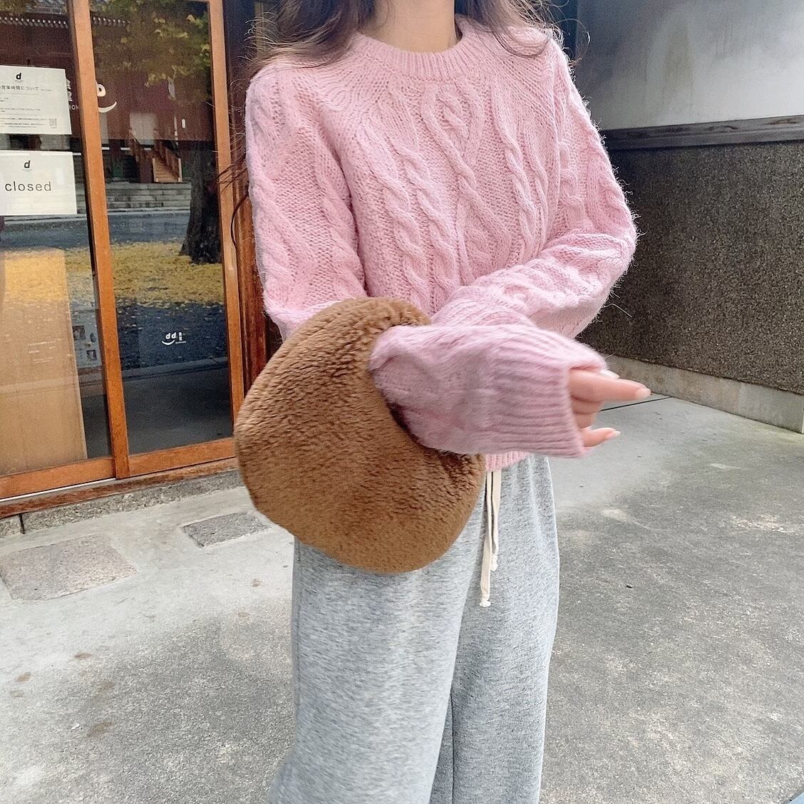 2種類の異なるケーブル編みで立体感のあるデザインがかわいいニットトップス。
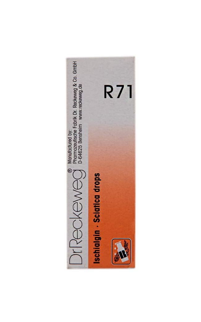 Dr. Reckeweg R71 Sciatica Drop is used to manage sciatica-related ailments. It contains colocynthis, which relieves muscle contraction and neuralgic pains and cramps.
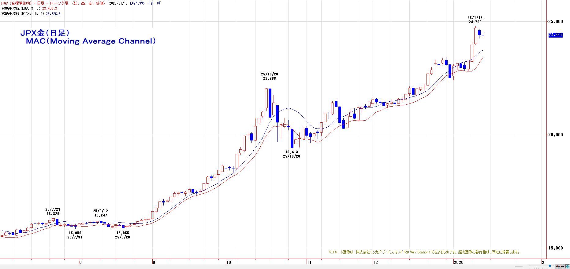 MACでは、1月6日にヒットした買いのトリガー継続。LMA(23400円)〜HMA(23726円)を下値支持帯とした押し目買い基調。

+ + + + +

Reproduce word for word the lines from the one containing "Dr. Reckeweg R71" through the end of the data, both ends kept. Drop the pictures.

 Dr. Reckeweg R71 Sciatica Drop is used to manage sciatica-related ailments. It contains colocynthis, which relieves muscle contraction and neuralgic pains and cramps.
 MACでは、1月6日にヒットした買いのトリガー継続。LMA(23400円)〜HMA(23726円)を下値支持帯とした押し目買い基調。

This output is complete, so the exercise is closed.